* GIVEN MATERIAL
□ □ □ □

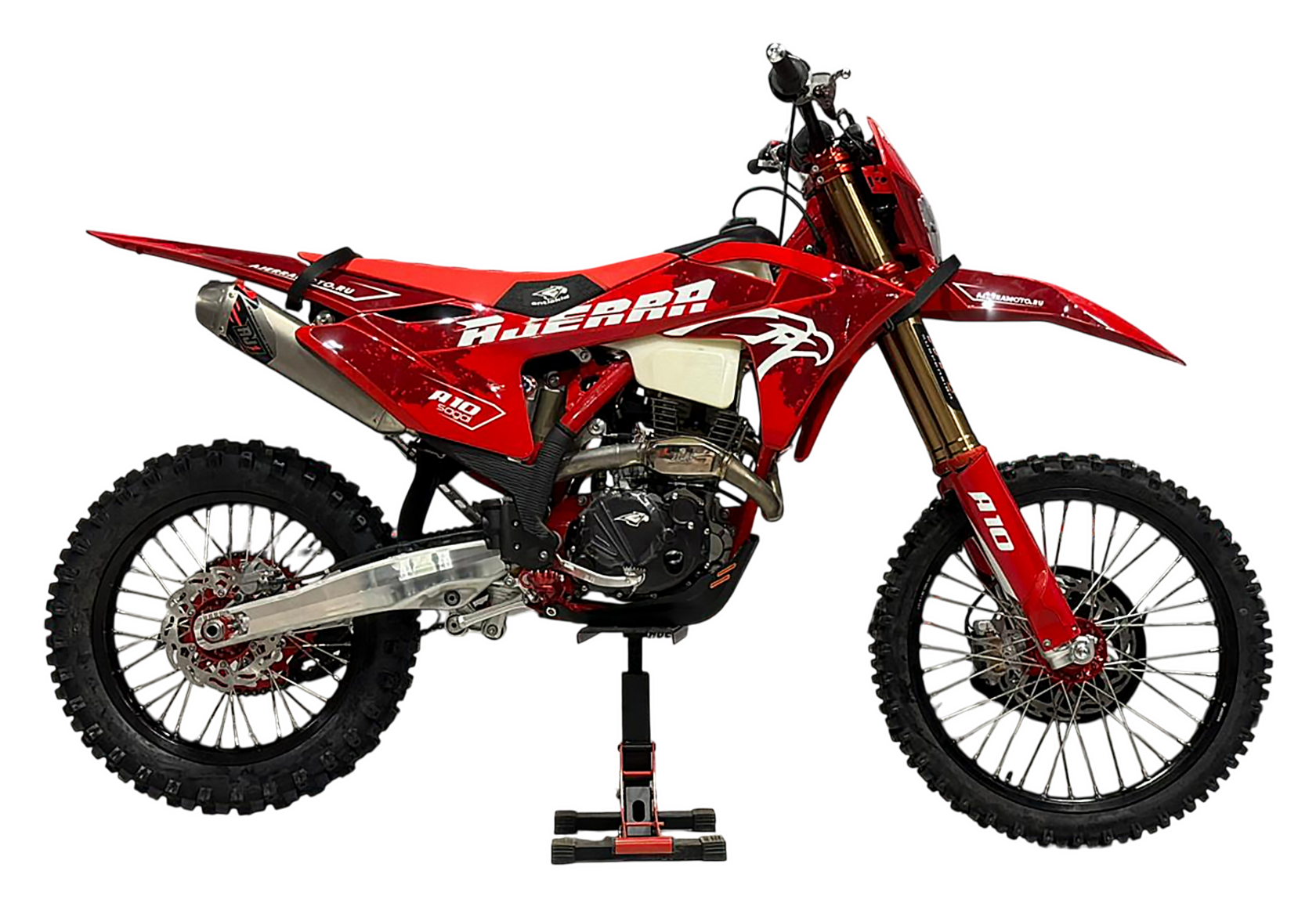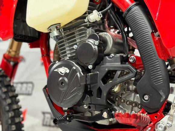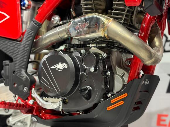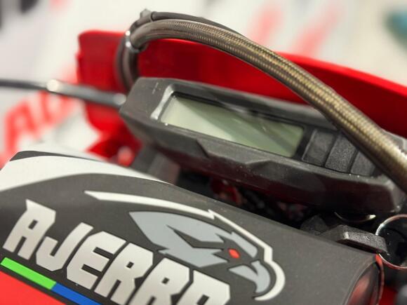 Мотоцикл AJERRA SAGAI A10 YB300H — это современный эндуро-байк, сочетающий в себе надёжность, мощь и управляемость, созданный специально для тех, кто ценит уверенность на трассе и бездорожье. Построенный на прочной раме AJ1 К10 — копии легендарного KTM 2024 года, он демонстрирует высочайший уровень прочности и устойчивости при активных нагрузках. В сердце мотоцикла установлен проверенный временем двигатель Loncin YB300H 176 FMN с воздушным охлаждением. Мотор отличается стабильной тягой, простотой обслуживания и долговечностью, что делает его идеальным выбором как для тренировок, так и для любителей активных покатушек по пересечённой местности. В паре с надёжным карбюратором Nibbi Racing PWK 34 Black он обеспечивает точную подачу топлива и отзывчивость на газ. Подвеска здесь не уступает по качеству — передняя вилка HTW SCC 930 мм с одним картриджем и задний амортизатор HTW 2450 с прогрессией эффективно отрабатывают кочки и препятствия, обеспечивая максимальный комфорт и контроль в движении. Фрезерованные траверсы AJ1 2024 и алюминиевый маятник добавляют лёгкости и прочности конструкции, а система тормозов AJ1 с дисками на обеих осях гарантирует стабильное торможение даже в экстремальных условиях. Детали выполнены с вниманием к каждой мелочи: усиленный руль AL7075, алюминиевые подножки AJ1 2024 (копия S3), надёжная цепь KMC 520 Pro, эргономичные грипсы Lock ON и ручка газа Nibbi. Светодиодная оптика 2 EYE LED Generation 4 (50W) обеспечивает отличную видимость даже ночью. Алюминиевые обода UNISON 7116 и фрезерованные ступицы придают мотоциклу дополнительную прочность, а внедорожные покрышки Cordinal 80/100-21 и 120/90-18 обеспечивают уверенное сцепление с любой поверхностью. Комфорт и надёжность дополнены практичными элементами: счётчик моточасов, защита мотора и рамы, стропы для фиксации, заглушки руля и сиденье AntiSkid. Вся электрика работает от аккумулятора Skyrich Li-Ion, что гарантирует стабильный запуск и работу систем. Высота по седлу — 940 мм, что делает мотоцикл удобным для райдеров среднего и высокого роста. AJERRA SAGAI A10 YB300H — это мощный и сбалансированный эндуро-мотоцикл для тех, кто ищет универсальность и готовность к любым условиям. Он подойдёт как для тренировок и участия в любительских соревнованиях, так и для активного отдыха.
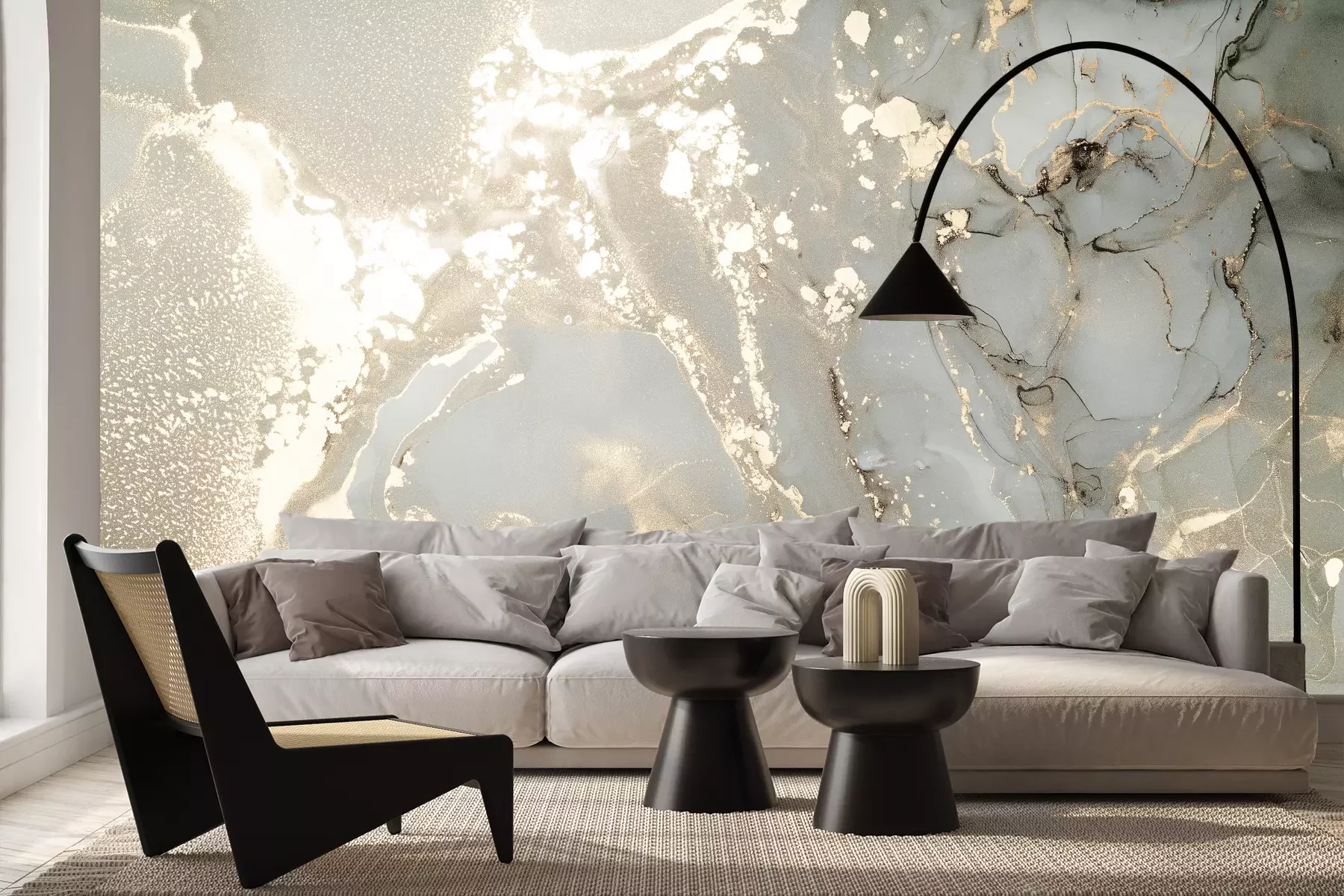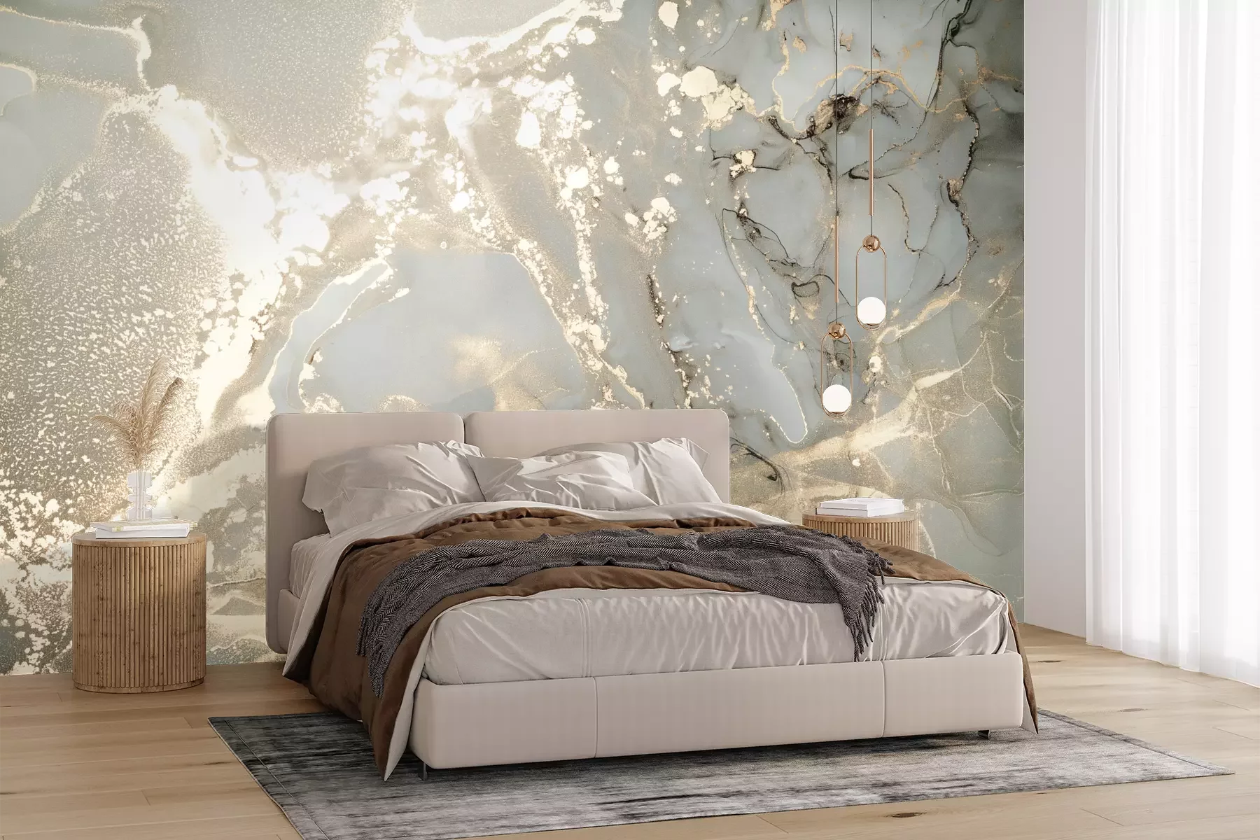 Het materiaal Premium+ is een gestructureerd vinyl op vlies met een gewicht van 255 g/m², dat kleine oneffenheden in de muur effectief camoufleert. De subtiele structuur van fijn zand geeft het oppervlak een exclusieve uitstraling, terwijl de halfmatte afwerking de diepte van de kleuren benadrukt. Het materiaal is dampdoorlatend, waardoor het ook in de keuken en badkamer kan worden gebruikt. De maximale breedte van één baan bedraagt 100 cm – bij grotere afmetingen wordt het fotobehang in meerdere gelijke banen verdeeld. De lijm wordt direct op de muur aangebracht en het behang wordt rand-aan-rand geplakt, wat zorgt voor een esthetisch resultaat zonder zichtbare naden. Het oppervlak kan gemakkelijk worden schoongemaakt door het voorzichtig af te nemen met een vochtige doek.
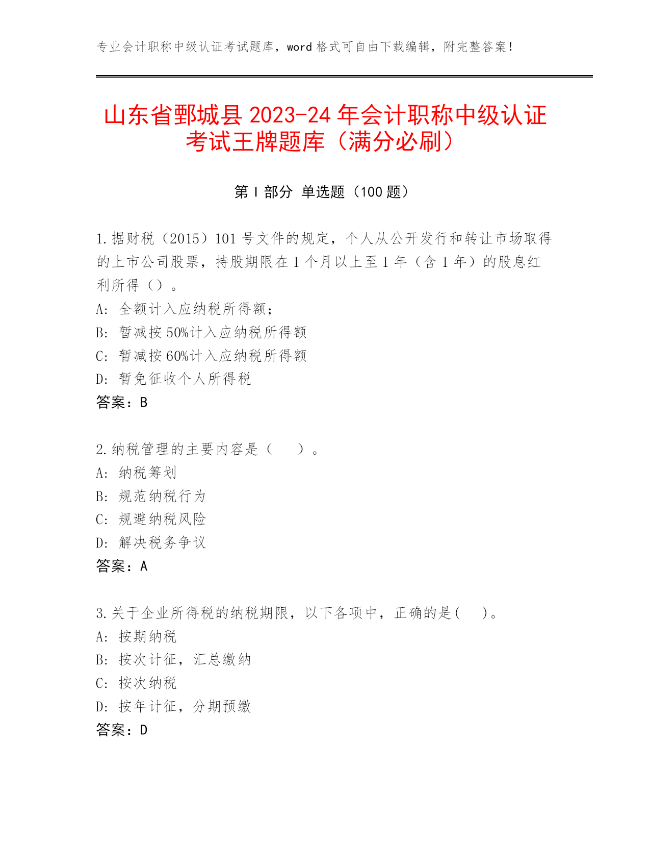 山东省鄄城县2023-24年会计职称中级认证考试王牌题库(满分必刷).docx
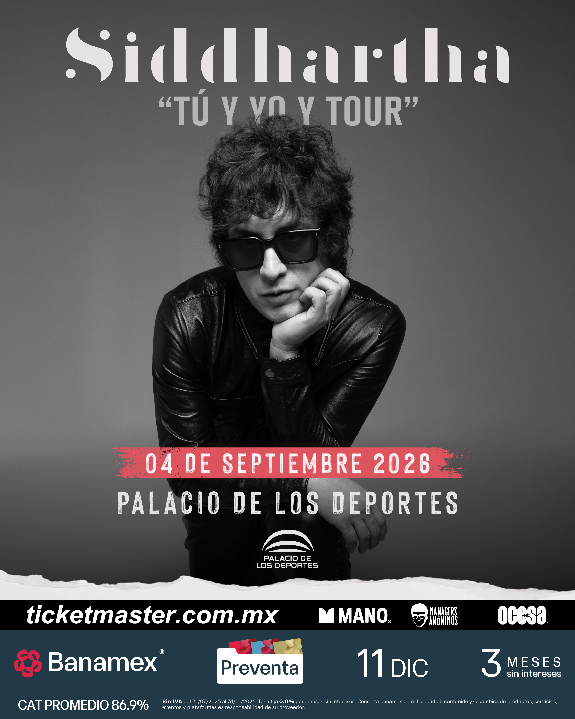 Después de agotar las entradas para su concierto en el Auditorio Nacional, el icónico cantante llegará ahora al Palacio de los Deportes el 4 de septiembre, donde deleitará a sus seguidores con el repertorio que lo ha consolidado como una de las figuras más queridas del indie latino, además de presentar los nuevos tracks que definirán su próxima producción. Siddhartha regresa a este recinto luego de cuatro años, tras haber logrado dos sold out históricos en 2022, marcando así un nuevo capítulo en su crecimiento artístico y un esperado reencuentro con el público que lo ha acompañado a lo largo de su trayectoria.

□ □ □ □

* TASK DESCRIPTION
Your answer is the exact run of lines above from the one with "Het materiaal Premium+" through the one with "山东省鄄城县2023-24年会计职称中级认证考试王牌题库(满分必刷).docx", both ends included, minus any picture.

* RESULT BELOW
 Het materiaal Premium+ is een gestructureerd vinyl op vlies met een gewicht van 255 g/m², dat kleine oneffenheden in de muur effectief camoufleert. De subtiele structuur van fijn zand geeft het oppervlak een exclusieve uitstraling, terwijl de halfmatte afwerking de diepte van de kleuren benadrukt. Het materiaal is dampdoorlatend, waardoor het ook in de keuken en badkamer kan worden gebruikt. De maximale breedte van één baan bedraagt 100 cm – bij grotere afmetingen wordt het fotobehang in meerdere gelijke banen verdeeld. De lijm wordt direct op de muur aangebracht en het behang wordt rand-aan-rand geplakt, wat zorgt voor een esthetisch resultaat zonder zichtbare naden. Het oppervlak kan gemakkelijk worden schoongemaakt door het voorzichtig af te nemen met een vochtige doek.
 山东省鄄城县2023-24年会计职称中级认证考试王牌题库(满分必刷).docx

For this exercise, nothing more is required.